Samstag, 15. April 2017, 03:42

Spezifischen Rat kann ich Dir da nicht geben, nur so ein paar allgemeine Tipps:

  1. Zunächst mal solltest Du sicherstellen, dass die linke Platine die nötigen Spannungen in guter Qualität erzeugt. Das ist eigentlich immer der erste Schritt.
    Ich denke mal, dass sie 5V und 3,3V erzeugt. Und eventuell auch noch 12V.
  2. Ich vermute, dass eher eine der beiden grünen Platinen defekt ist, als das Display. Das Indiz, an dem ich diese Vermutung festmache ist die Tatsache, dass auf dem Display horizontale und vertikale Streifen zu sehen sind. Das ist zwar kein absolutes Ausschlusskriterium für einen Display-Defekt, aber beim Display gehen eher nur die Spaltentreiber, oder nur die Zeilentreiber kaputt, als sonst etwas.
  3. Verdächtig sind die BGA-Chips auf den grünen Platinen.
    Der Chip, der im Betrieb am heißesten wird, ist der verdächtigste Kandidat von allen. Du könntest mal eine hitzefeste, isolierende Platte unter die Platine schieben und im laufenden Betrieb die BGAs mit Heißluft beackern, bis auf ca. 100 bis 150 Grad. Wenn sich dabei am Bild etwas ändert, dann hast Du mit sehr hoher Wahrscheinlichkeit den Übeltäter gefunden!
  4. Und natürlich solltest Du noch den "Klopftest" machen, also mit der Rückseite eines Schraubendrehers auf die Platine und auf alle Chips klopfen, im laufenden Betrieb, um Wackelkontakte (z. B. durch abgerippte BGA-Pins) aufzuspüren.
  5. Auch an den Flachbandkabeln solltest Du mal zupfen, bzw. die Verbindungen lösen, alles kritisch beäugeln und die Kabel wieder anschließen (diesen Schritt natürlich nur im spannungsfreien Zustand durchführen).

Wenn alles nicht hilft, dann müsstest Du Dich wohl auf das Detektivspiel mit dem Oszi einlassen und Dir mal die Signale anschauen, die über die beiden oberen Flachbandkabel zum Display gehen.
Ohne Schaltplan erfordert das aber einigen Spürsinn ...
Die Daten werden vermutlich per LVDS zum Display übertragen.
Vielleicht mal die Datenblätter der Chips ergoogeln, die direkt bei den Flachbandkabeln sitzen und mit den Connectoren mehrfach verbunden sind. Dann kannst Du darin ablesen, wo Du messen musst.

Um beim Messen keinen Kurzschluss zu fabrizieren, empfehle ich meinen Trick mit dem Kapton-Klebeband: Quer über alle Kontakte des jeweiligen Flachband-Connectors kleben und mit gut spitzer Messspitze einfach hindurch stoßen. So ist ein versehentliches Abrutschen schon mal deutlich erschwert.
Auch an meinen Trick mit der aufgeschliffenen Nadelöse als Messspitze sei erinnert.

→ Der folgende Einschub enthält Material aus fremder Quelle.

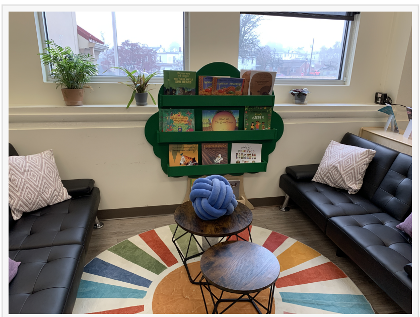
CAHS Community Room

Capital Area Head Start has plans to hold workshops for parents and
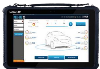
AC969249 (TABLET XM+)
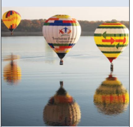
Hot air balloons will visit Lake Shelbyville Columbus Day weekend. Find more details by searching Lake Shelbyville Balloonfest on Facebook.

Touchstone Energy Hot Air Balloonfest at Lake Shelbyville October 11 - 13

Falls die Daten tatsächlich per LVDS übertragen werden, dann kannst Du vielleicht displayseitig an den Abschlusswiderständen messen, statt an den Flachbandkabel-Verbindern.
Die dort zu erwartenden Frequenzen sind sehr hoch - eigentlich zu hoch, für ein 08/15-Oszi. Dennoch wird es vermutlich irgendwie auffallen, wenn ein Signalpaar deutlich aus der Reihe tanzt, weil der Treiber defekt ist.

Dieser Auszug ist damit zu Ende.